Technology continues to improve the lives of patients and improve the efficiency of nurses and healthcare providers. Beyond complicated surgical procedures and implants, technology is helping on a practical, day-to-day basis to streamline the transmission of medical information such as integrated delivery systems, which behooves both nurses and patients in public or home medical facilities.

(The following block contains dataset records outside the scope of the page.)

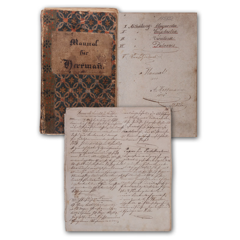 Ohne Ort, 1845-49. (16,5 x 10 cm). (4) 121 (richtig 112) (3) S. Pappband der Zeit mit Deckelschild und Buntpapierbezug.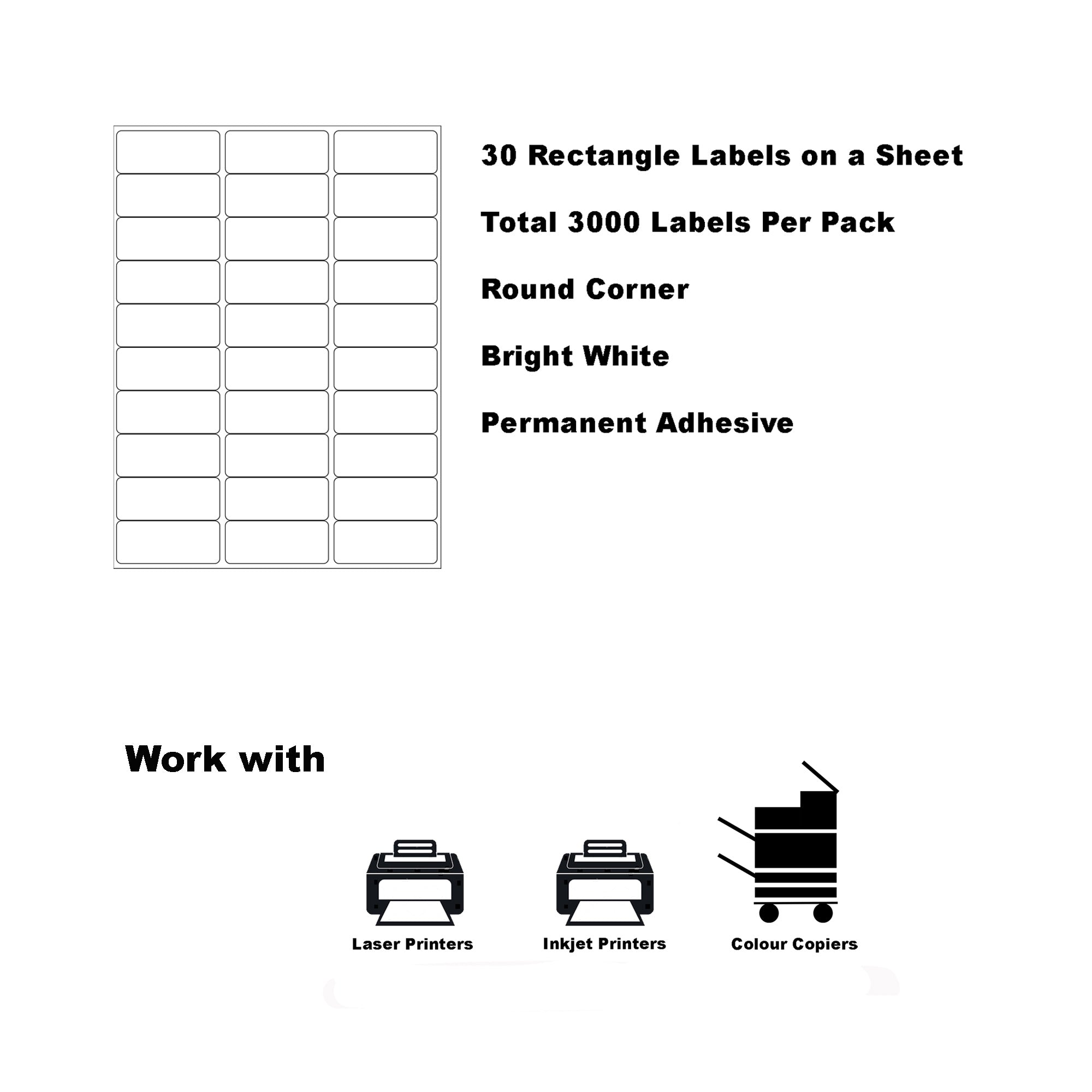 A4 Format Rectangle Labels 64 x 26.7mm 30 Labels Per Sheet-1000 Sheets-Bulk Buy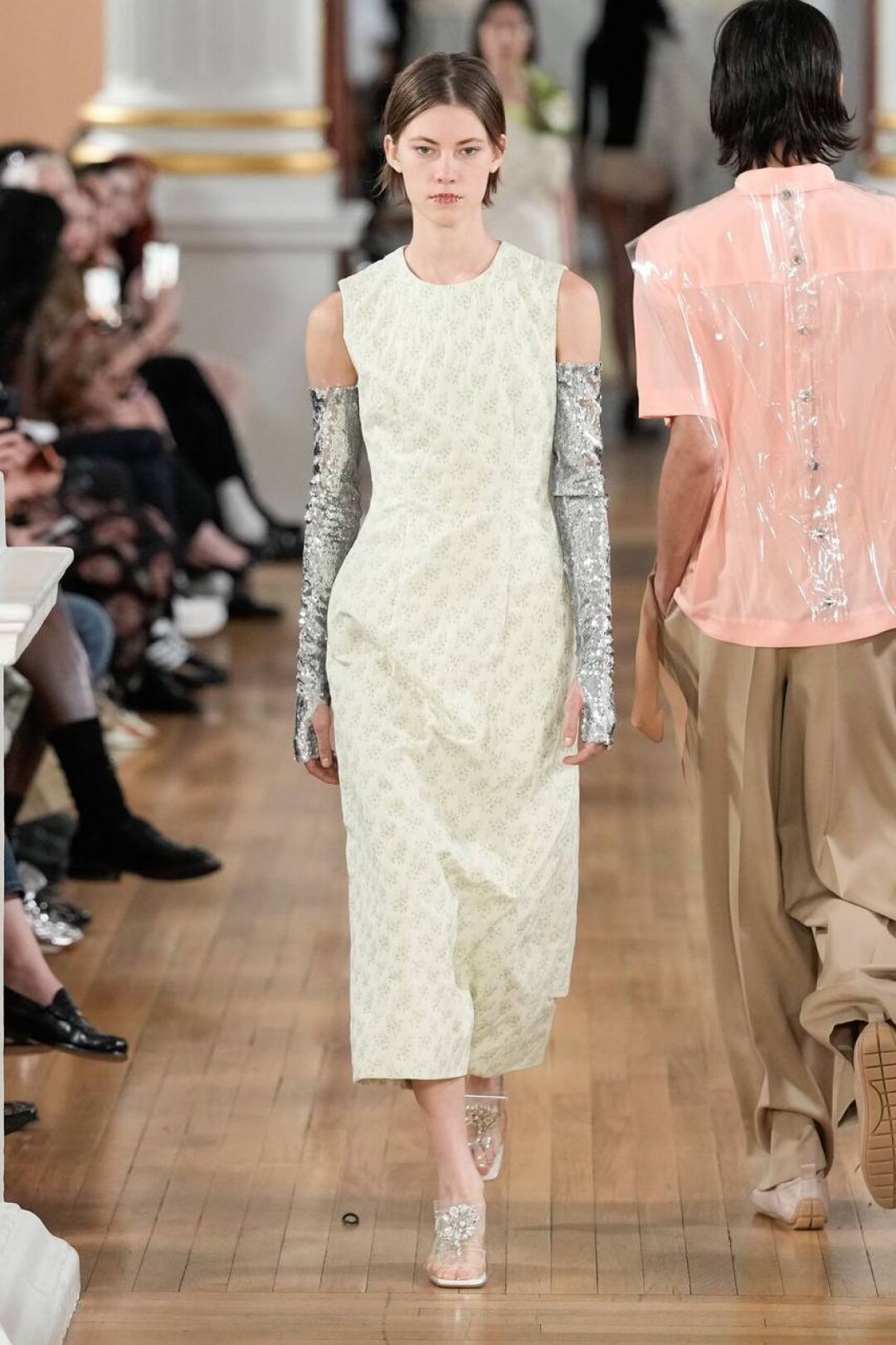 Судя по весенне-летней коллекции Simone Rocha, старомодные (в лучшем смысле слова!) кринолины и панье с нами надолго: по мотивам шоу миксуем с юбками из полупрозрачного шифона, пасторальными платьями-бандо из хлопкового шитья и нейлоновыми гибридами dollcore-платья и аутдор-ветровки. Не спешим расставаться и с обувью из прозрачного пластика (внезапно снова in!) и к ним в придачу примеряем виниловые плащи и даже платья с рукавами-фонариками (запоминаем стайлинг-трюк на случай дождя и надеваем фэшн-дождевики поверх шелковых миди в стиле ретро, стеганых пальто и расшитых жемчугом кардиганов!).

Medical technologies That Are Extremely Useful

Medical alert systems

Medical alert systems Medical technologies

Medical alert systems are devices worn around the wrist or neck that allow seniors, or people in medical need, to effortlessly transmit a wireless signal to a monitoring center that can send out a response team if needed. The device is activated by pressing a single button, which makes it ideal for people prone to falls or other debilitating accidents. Medical alert systems are allowing seniors to be more independent and, according to some studies, increasing their lifespans by up to six years.

Smart beds

Smart beds are making nursing protocols more efficient by simplifying the way nurses obtain critical information from patients, such as weight, temperature, as well as determining the appropriate head and neck elevation. Instead of spending precious time attempting to manually decipher a person’s weight on a scale, or gauge a temperature—a process that can be physically and emotionally uncomfortable for both patient and nurse—this information can now be streamed instantaneously, while also accurately and automatically setting a patient’s head and neck in the right position.

Point of care

With a wireless network and computer, a great deal of tedious administrative work can now be knocked out right from the side of a patient’s bed using point of care technology. This technology is allowing nurses access to patient medical records, X-rays, second opinions, and past medical information. Point of care technology can also be integrated into smart beds and alert systems.

Medical alert systems, smart beds, and point of care are three examples of technology that helps patients and nurses at the same time. They increase the comfort and security of the patient while improving the efficiency and readiness of the nurse. Seniors, people with medical emergencies, and medical practitioners should consider their use.

What medical technologies are you thankful for?